What board change did Simon Property Group (SPG) disclose in this 8-K?

Simon Property Group disclosed that Martin J. Cicco was appointed to its Board of Directors, effective February 5, 2026. His appointment increases the Board from 13 to 14 members and he will serve the remainder of the term ending at the 2026 annual meeting.

Is Martin J. Cicco considered an independent director at Simon Property Group (SPG)?

Yes, the Board and its Governance and Nominating Committee determined that Martin J. Cicco is independent under New York Stock Exchange requirements. This means he meets the exchange’s standards for independence, which generally focus on having no disqualifying relationships with the company.

How long will Martin J. Cicco serve on Simon Property Group’s board?

Martin J. Cicco will serve for the balance of the term expiring at Simon Property Group’s 2026 annual meeting of stockholders. After that meeting, any continued service would depend on stockholder election under the company’s normal governance processes.

What compensation will Martin J. Cicco receive as a Simon Property Group (SPG) director?

As a non-employee director, Martin J. Cicco will participate in Simon Property Group’s non-employee director compensation program described in its April 1, 2025 definitive proxy statement. This program typically covers cash retainers and equity awards, applied consistently to all non-employee directors.

Does Martin J. Cicco have any related-party transactions with Simon Property Group (SPG)?

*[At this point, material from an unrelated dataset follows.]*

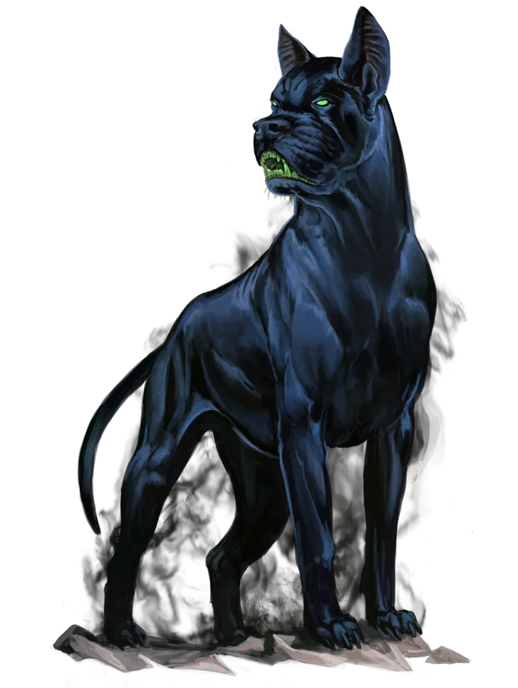 Barghests are canine beasts that take great joy in the hunt, often lurking near humanoid settlements to find prey that can provide a suitable challenge. Even in the deepest wilderness, barghests choose the most clever or difficult prey, searching endlessly for challenges like giants, nymphs, and unicorns. More than victory or even the possibility of a meal at the end, barghests enjoy the thrill of the chase and the fear they create within their prey. Particularly terrified targets of a hunting barghest might even be allowed to escape, spreading the terror and enticing hunters who can become the barghest's next victims. A handful of barghests resort to learning magical methods of causing fear directly, though they find such fear hollow and unsatisfying.

The company states that Martin J. Cicco does not have any direct or indirect material interest in transactions requiring disclosure under Item 404(a) of Regulation S-K. This indicates no disclosable related-party transactions associated with his appointment to the board.

Will Martin J. Cicco sign any special agreements with Simon Property Group (SPG)?

Simon Property Group expects Martin J. Cicco to enter into its standard form of director indemnity agreement. This agreement, previously filed with the SEC, is designed to protect directors against certain liabilities arising from their board service.